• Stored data
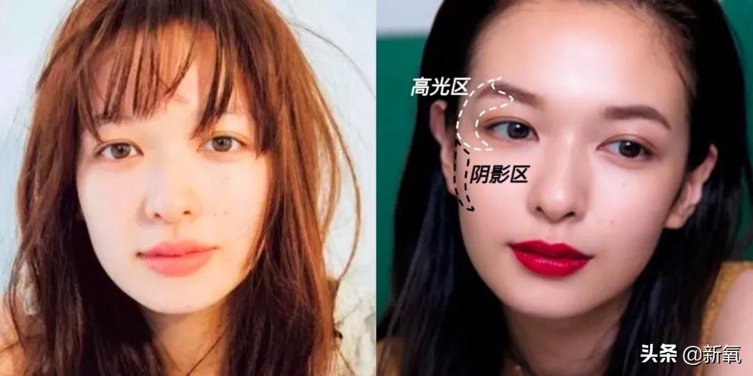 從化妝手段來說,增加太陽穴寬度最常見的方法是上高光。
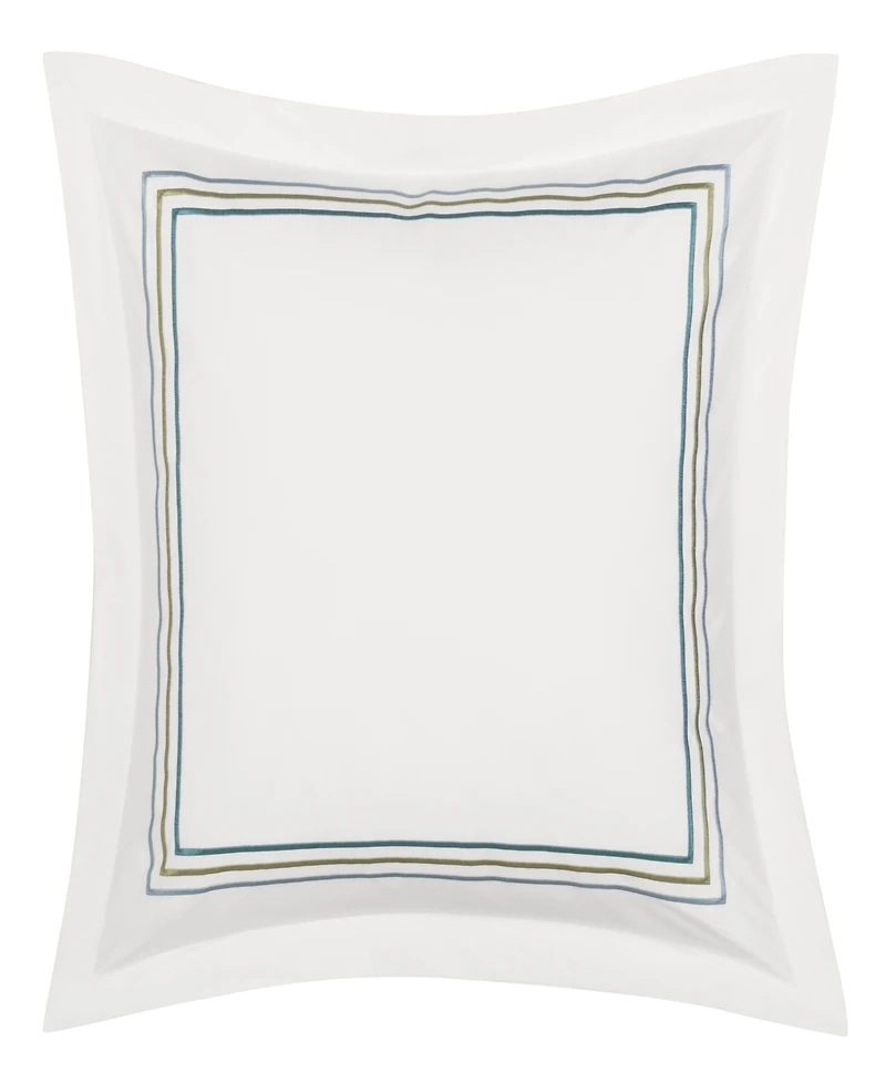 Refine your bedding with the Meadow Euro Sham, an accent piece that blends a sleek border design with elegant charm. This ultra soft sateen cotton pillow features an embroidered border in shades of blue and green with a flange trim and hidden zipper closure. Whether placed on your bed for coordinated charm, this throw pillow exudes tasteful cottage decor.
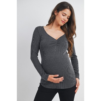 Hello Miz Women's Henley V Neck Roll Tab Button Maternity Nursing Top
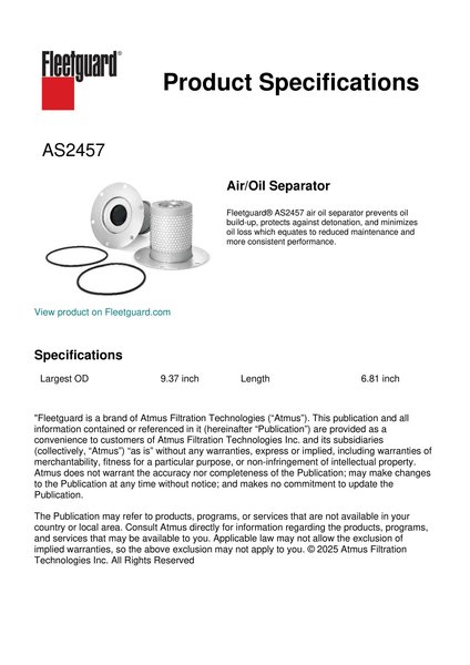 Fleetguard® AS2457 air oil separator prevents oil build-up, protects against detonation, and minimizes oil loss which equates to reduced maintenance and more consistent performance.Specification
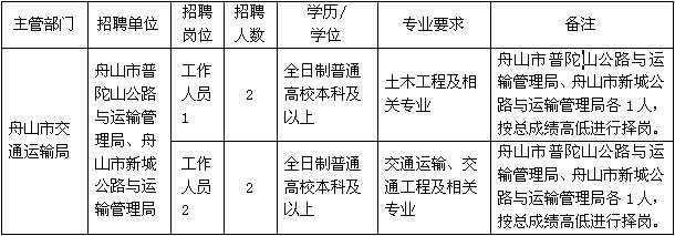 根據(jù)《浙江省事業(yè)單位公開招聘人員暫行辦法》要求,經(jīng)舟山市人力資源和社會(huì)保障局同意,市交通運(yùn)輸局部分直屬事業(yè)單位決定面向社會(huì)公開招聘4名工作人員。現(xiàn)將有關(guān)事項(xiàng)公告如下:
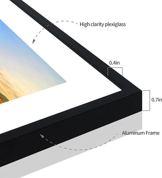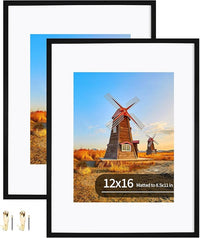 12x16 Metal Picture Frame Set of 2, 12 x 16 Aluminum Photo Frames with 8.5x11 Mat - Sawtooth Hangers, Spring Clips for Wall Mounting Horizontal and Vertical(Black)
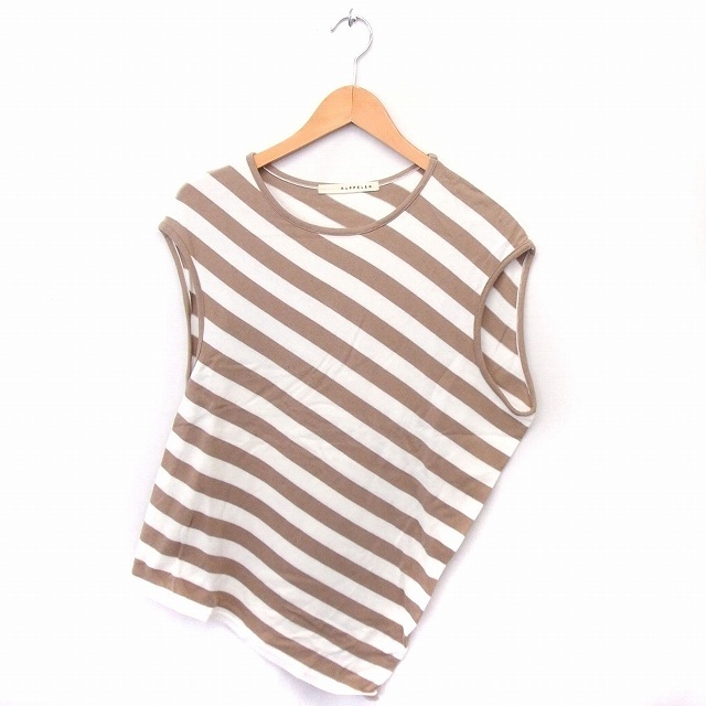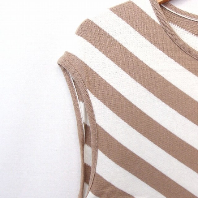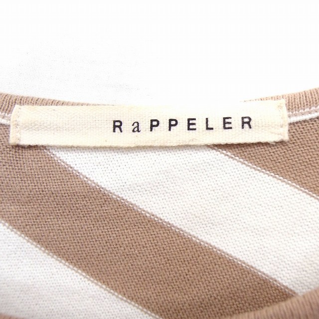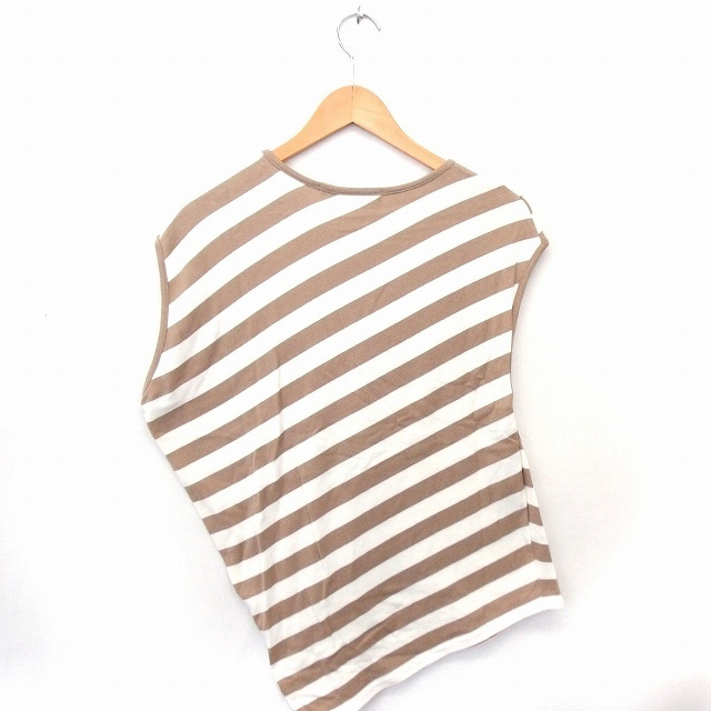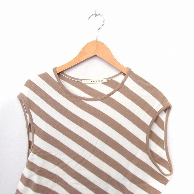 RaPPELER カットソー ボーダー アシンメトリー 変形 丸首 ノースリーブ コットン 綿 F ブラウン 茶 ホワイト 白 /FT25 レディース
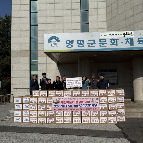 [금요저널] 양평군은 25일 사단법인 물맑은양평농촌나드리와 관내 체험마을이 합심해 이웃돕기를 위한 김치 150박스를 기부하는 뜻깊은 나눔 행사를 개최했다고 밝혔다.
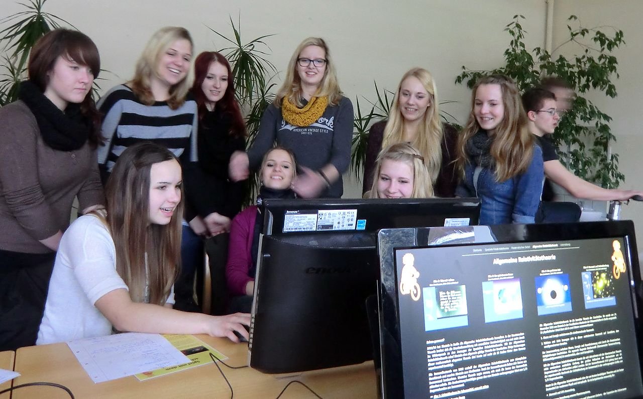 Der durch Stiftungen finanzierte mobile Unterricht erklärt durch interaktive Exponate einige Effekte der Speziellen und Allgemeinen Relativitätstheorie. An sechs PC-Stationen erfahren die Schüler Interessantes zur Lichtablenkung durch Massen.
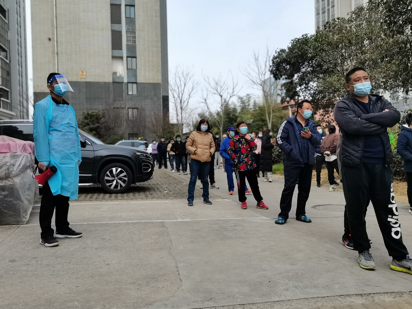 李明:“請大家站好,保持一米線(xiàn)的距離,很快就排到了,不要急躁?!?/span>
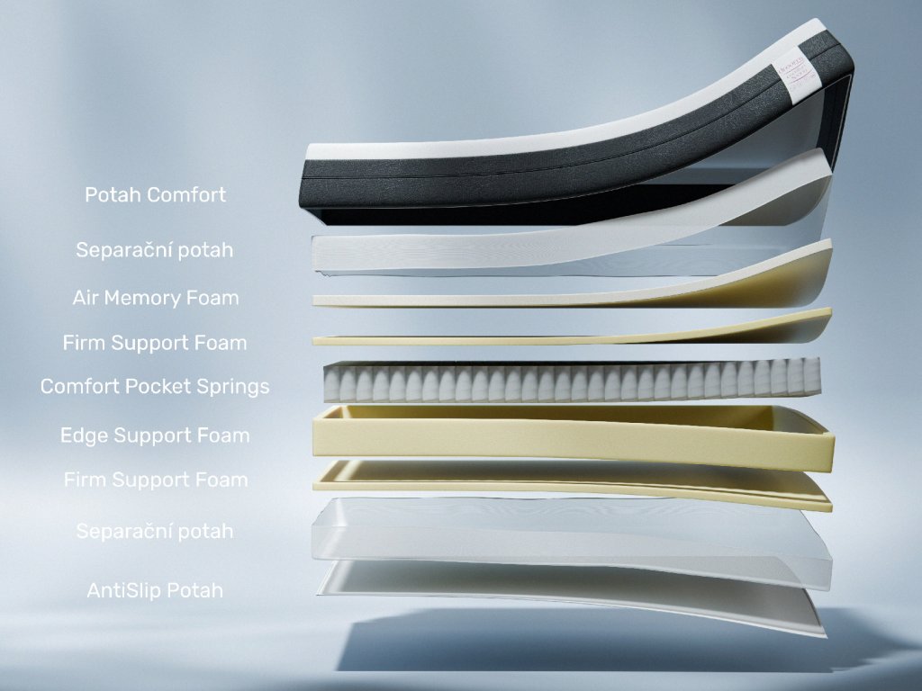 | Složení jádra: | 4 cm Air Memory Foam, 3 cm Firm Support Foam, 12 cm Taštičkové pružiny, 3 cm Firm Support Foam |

• TASK DETAILS
Give the entries again exactly, but skip every image.

• ANSWER TO THIS PROBLEM
 從化妝手段來說,增加太陽穴寬度最常見的方法是上高光。
 Refine your bedding with the Meadow Euro Sham, an accent piece that blends a sleek border design with elegant charm. This ultra soft sateen cotton pillow features an embroidered border in shades of blue and green with a flange trim and hidden zipper closure. Whether placed on your bed for coordinated charm, this throw pillow exudes tasteful cottage decor.
 Hello Miz Women's Henley V Neck Roll Tab Button Maternity Nursing Top
 Fleetguard® AS2457 air oil separator prevents oil build-up, protects against detonation, and minimizes oil loss which equates to reduced maintenance and more consistent performance.Specification
 根據(jù)《浙江省事業(yè)單位公開招聘人員暫行辦法》要求,經(jīng)舟山市人力資源和社會(huì)保障局同意,市交通運(yùn)輸局部分直屬事業(yè)單位決定面向社會(huì)公開招聘4名工作人員。現(xiàn)將有關(guān)事項(xiàng)公告如下:
 12x16 Metal Picture Frame Set of 2, 12 x 16 Aluminum Photo Frames with 8.5x11 Mat - Sawtooth Hangers, Spring Clips for Wall Mounting Horizontal and Vertical(Black)
 RaPPELER カットソー ボーダー アシンメトリー 変形 丸首 ノースリーブ コットン 綿 F ブラウン 茶 ホワイト 白 /FT25 レディース
 [금요저널] 양평군은 25일 사단법인 물맑은양평농촌나드리와 관내 체험마을이 합심해 이웃돕기를 위한 김치 150박스를 기부하는 뜻깊은 나눔 행사를 개최했다고 밝혔다.
 Der durch Stiftungen finanzierte mobile Unterricht erklärt durch interaktive Exponate einige Effekte der Speziellen und Allgemeinen Relativitätstheorie. An sechs PC-Stationen erfahren die Schüler Interessantes zur Lichtablenkung durch Massen.
 李明:“請大家站好,保持一米線(xiàn)的距離,很快就排到了,不要急躁?!?/span>
 | Složení jádra: | 4 cm Air Memory Foam, 3 cm Firm Support Foam, 12 cm Taštičkové pružiny, 3 cm Firm Support Foam |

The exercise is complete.